Lobsters, the threatened economic boon of the local economy, and Lionfish, the feared invasive species for the entire region, were the subject of two complementary Sea and Learn presentations.
Visiting scholar Mark Butler gave a presentation at Queen’s Gardens Resort on “The Tale of the Spiny Lobster: Homelessness, Pestilence and Alien Encounters,” on Thursday, October 11. Butler is a professor and eminent scholar with the Department of Biological Sciences at Old Dominion University in Norfolk, Virginia (USA). Butler’s presentation brought impressive data with super-computer generated models in tri-dimensional visual displays of Caribbean-wide larvae distribution via marine currents and later lobster lifecycle movements. Because of their widespread and abundance, spiny lobsters are significant indicators of the ecology of exploited coastal species.
Talking about the sustainability of Caribbean commercial and recreational fisheries, Butler remarked that lobsters are the most valuable catch in the entire Caribbean, generating anywhere in the range of one to two billion US dollars a year. They are mostly exported to Europe and the United States. Some ten countries in the region catch over 90 per cent of the entire Caribbean fish. Saba is not one of them, but it too is experiencing a region-wide trend in catch decrease. A 30 per cent decline in the last decade is estimated for the entire region. Fishery management for the specie remains parochial, varying for each island, instead of a regional mechanism.

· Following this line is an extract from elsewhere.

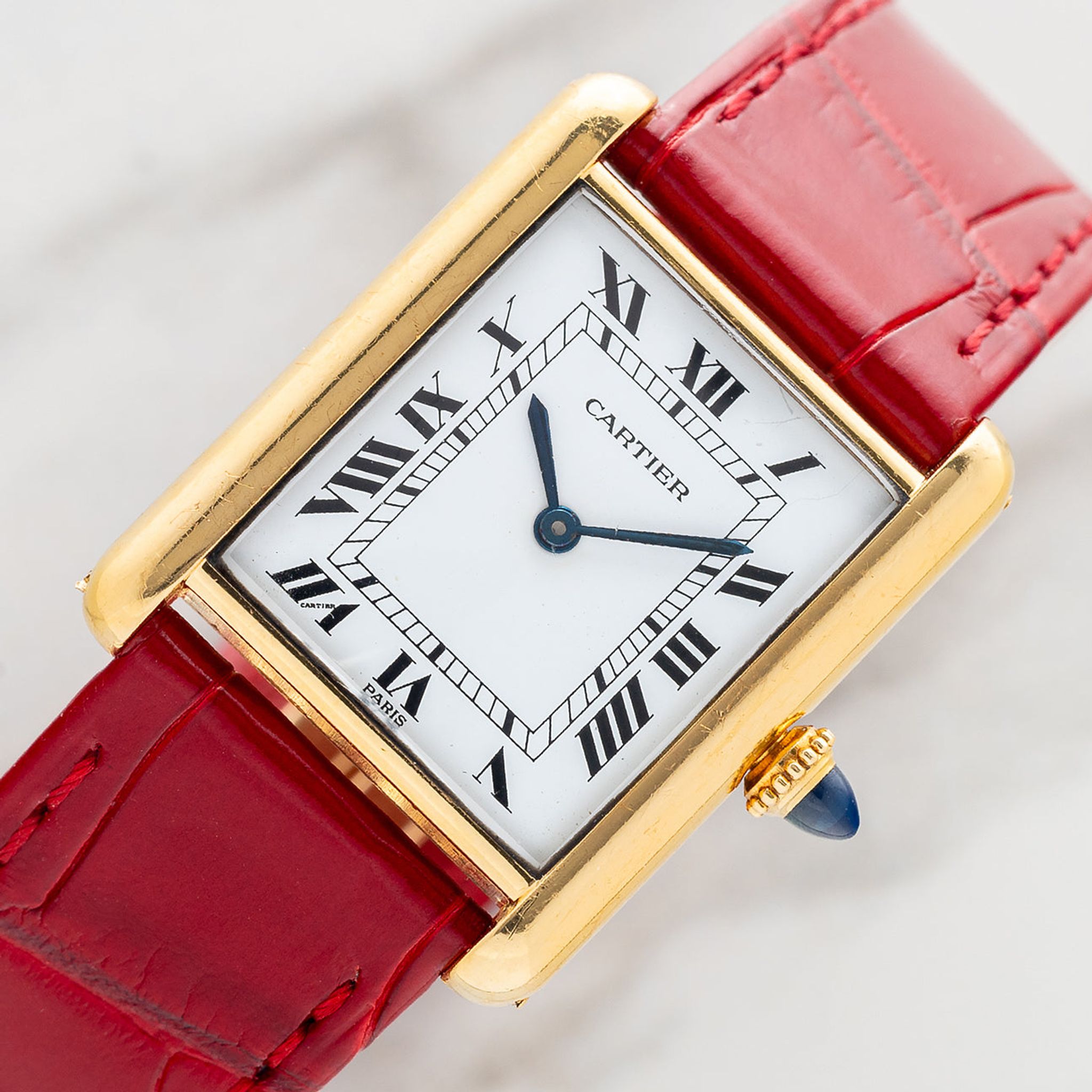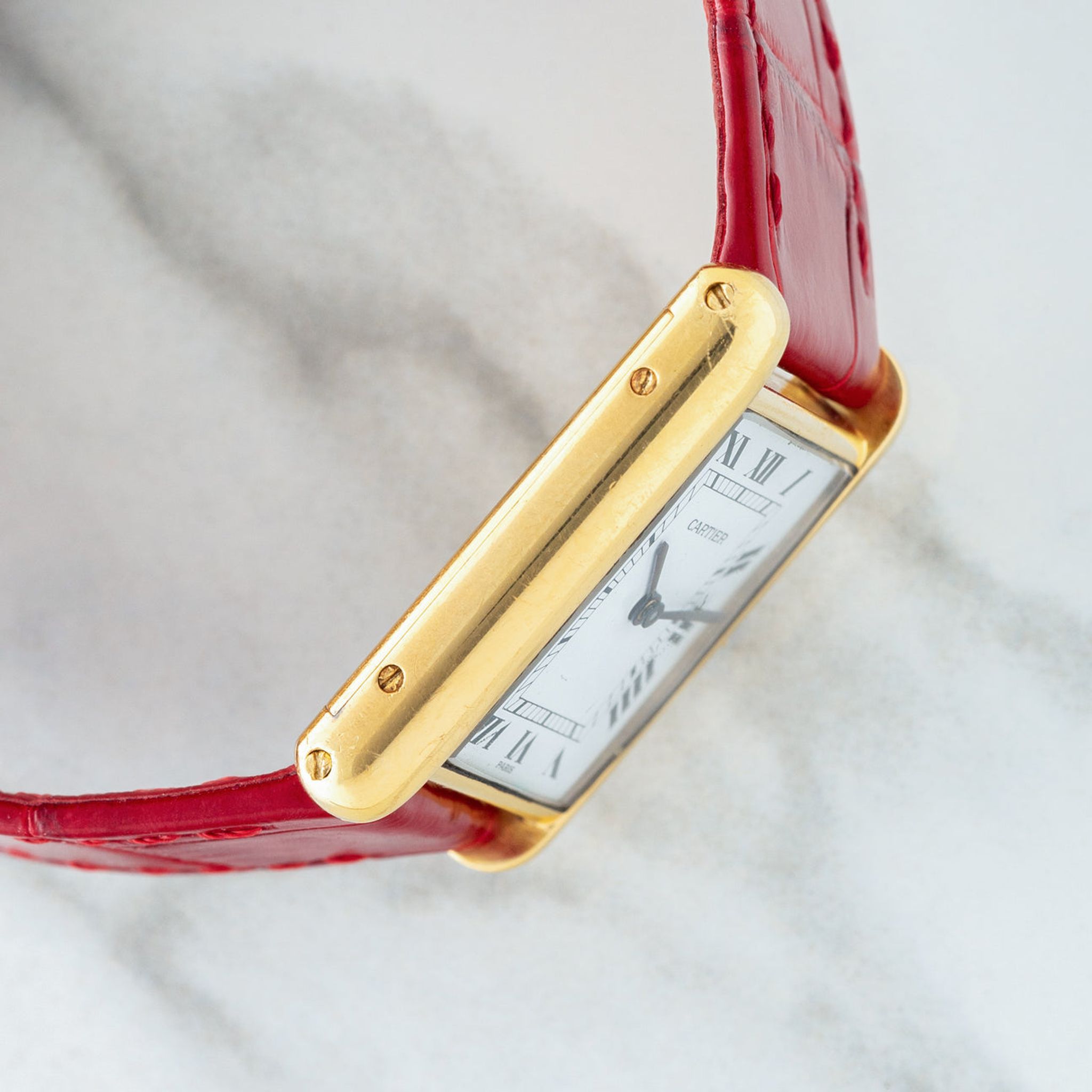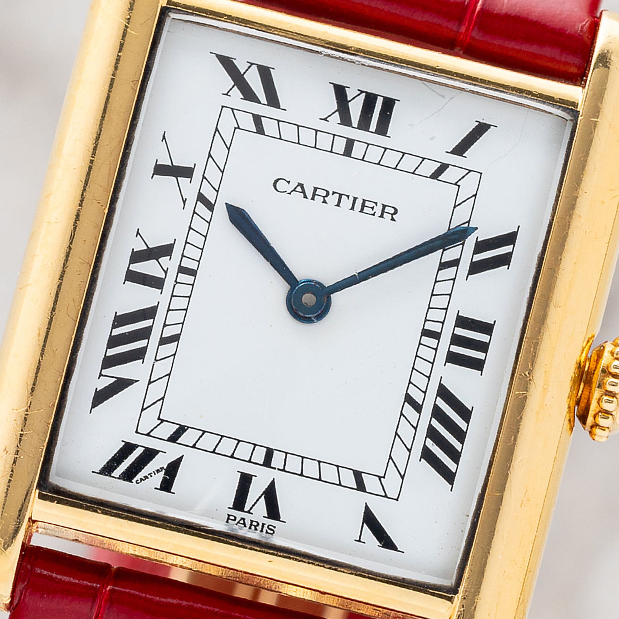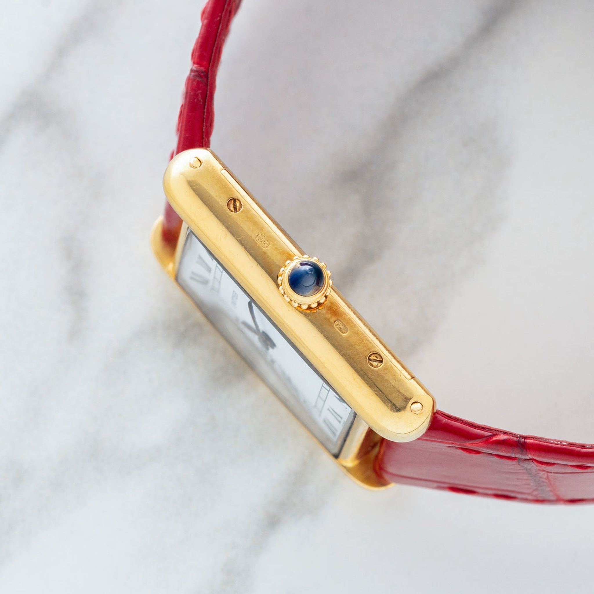 This Tank Louis, circa 1980s features a "Paris" signed dial with hidden signature at 7 o-clock. It also has the "elongated" cabochon which some might argue is more attractive. This piece has remained in stunning vintage condition for a Cartier of this era with a sharp unpolished case and nice looking dial. It comes accompanied with an 18k Cartier deployant buckle and Jean Rousseau gator strap in a glossy red which pairs up perfectly with the yellow gold case. It’s difficult to outdo the charm of a Tank Louis and this piece is a true show stopper, fit for a collector of any level.

Nature policy coordinator for the Dutch Caribbean with the Dutch Ministry of Economic Affairs, Agriculture and Innovation (EL&I) Hoetjes is a key figure in establishing the Dutch Caribbean Nature Alliance (DCNA) and in the policy advocacy that led to the protection of the Saba Bank. While focusing on the Caribbean-wide lionfish invasion, Hoetjes touched on the fact that the Saba Bank appears to be relatively protected, suggesting that the local habitat’s resilience may be a result of marine park protection of large predators such as sharks and large groupers. This comes in stark contrast with Bonaire and Curaçao where the numbers spiked substantially higher. Hoetjes connected the Caribbean-wide decline in lobster catch with the lionfish invasion progression, with the proven ability of the lionfish to reduce 80 per cent of reef fish as unchallenged predator.
The other point stressed by Hoetjes was that promoting consumption of Lionfish may be the most efficient weapon in the combating the potential devastating consequences of the Lionfish invasion. He emphasized that the invasion could never be eradicated but could be controlled, and presented some appetizing lionfish dishes now popular in some of the affected islands.